___ Data under study

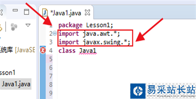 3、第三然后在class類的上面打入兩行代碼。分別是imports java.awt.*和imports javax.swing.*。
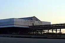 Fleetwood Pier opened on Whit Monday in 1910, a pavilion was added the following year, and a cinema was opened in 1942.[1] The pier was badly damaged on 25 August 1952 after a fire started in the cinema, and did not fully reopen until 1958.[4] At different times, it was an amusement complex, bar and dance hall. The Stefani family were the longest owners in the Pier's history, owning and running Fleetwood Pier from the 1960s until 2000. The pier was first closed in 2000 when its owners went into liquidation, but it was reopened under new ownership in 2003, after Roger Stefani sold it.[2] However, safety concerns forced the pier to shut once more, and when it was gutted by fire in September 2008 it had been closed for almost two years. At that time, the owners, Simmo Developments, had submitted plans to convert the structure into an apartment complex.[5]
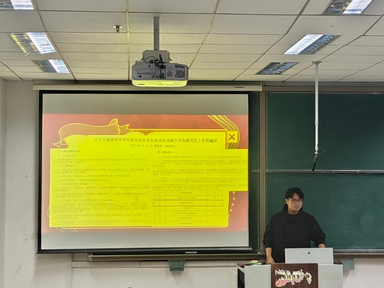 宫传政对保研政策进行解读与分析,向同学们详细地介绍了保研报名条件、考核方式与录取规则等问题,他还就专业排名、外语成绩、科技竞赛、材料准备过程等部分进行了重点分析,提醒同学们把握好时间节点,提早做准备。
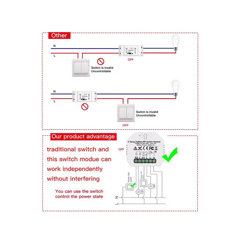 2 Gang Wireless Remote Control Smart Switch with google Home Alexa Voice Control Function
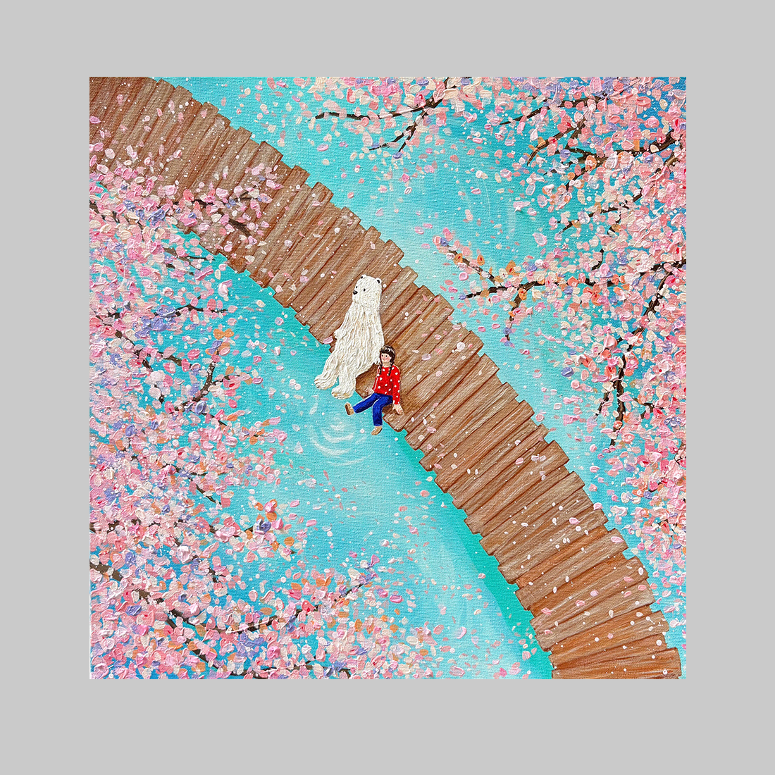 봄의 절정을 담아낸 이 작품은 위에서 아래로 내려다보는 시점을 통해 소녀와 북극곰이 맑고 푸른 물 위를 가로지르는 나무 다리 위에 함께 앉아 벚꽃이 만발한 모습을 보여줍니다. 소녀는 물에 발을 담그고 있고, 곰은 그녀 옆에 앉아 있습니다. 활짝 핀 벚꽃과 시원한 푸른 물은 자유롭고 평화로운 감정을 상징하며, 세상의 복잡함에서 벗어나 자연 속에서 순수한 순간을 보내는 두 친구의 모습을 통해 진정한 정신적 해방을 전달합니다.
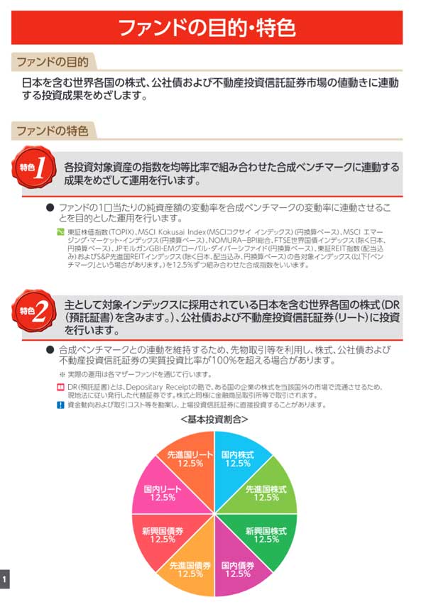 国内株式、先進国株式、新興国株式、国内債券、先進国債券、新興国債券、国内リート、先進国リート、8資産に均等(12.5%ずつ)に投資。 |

______

Exercise details
Line by line, transcribe the records exactly, omitting the images.

Answer to this task
 3、第三然后在class類的上面打入兩行代碼。分別是imports java.awt.*和imports javax.swing.*。
 Fleetwood Pier opened on Whit Monday in 1910, a pavilion was added the following year, and a cinema was opened in 1942.[1] The pier was badly damaged on 25 August 1952 after a fire started in the cinema, and did not fully reopen until 1958.[4] At different times, it was an amusement complex, bar and dance hall. The Stefani family were the longest owners in the Pier's history, owning and running Fleetwood Pier from the 1960s until 2000. The pier was first closed in 2000 when its owners went into liquidation, but it was reopened under new ownership in 2003, after Roger Stefani sold it.[2] However, safety concerns forced the pier to shut once more, and when it was gutted by fire in September 2008 it had been closed for almost two years. At that time, the owners, Simmo Developments, had submitted plans to convert the structure into an apartment complex.[5]
 宫传政对保研政策进行解读与分析,向同学们详细地介绍了保研报名条件、考核方式与录取规则等问题,他还就专业排名、外语成绩、科技竞赛、材料准备过程等部分进行了重点分析,提醒同学们把握好时间节点,提早做准备。
 2 Gang Wireless Remote Control Smart Switch with google Home Alexa Voice Control Function
 봄의 절정을 담아낸 이 작품은 위에서 아래로 내려다보는 시점을 통해 소녀와 북극곰이 맑고 푸른 물 위를 가로지르는 나무 다리 위에 함께 앉아 벚꽃이 만발한 모습을 보여줍니다. 소녀는 물에 발을 담그고 있고, 곰은 그녀 옆에 앉아 있습니다. 활짝 핀 벚꽃과 시원한 푸른 물은 자유롭고 평화로운 감정을 상징하며, 세상의 복잡함에서 벗어나 자연 속에서 순수한 순간을 보내는 두 친구의 모습을 통해 진정한 정신적 해방을 전달합니다.
 国内株式、先進国株式、新興国株式、国内債券、先進国債券、新興国債券、国内リート、先進国リート、8資産に均等(12.5%ずつ)に投資。 |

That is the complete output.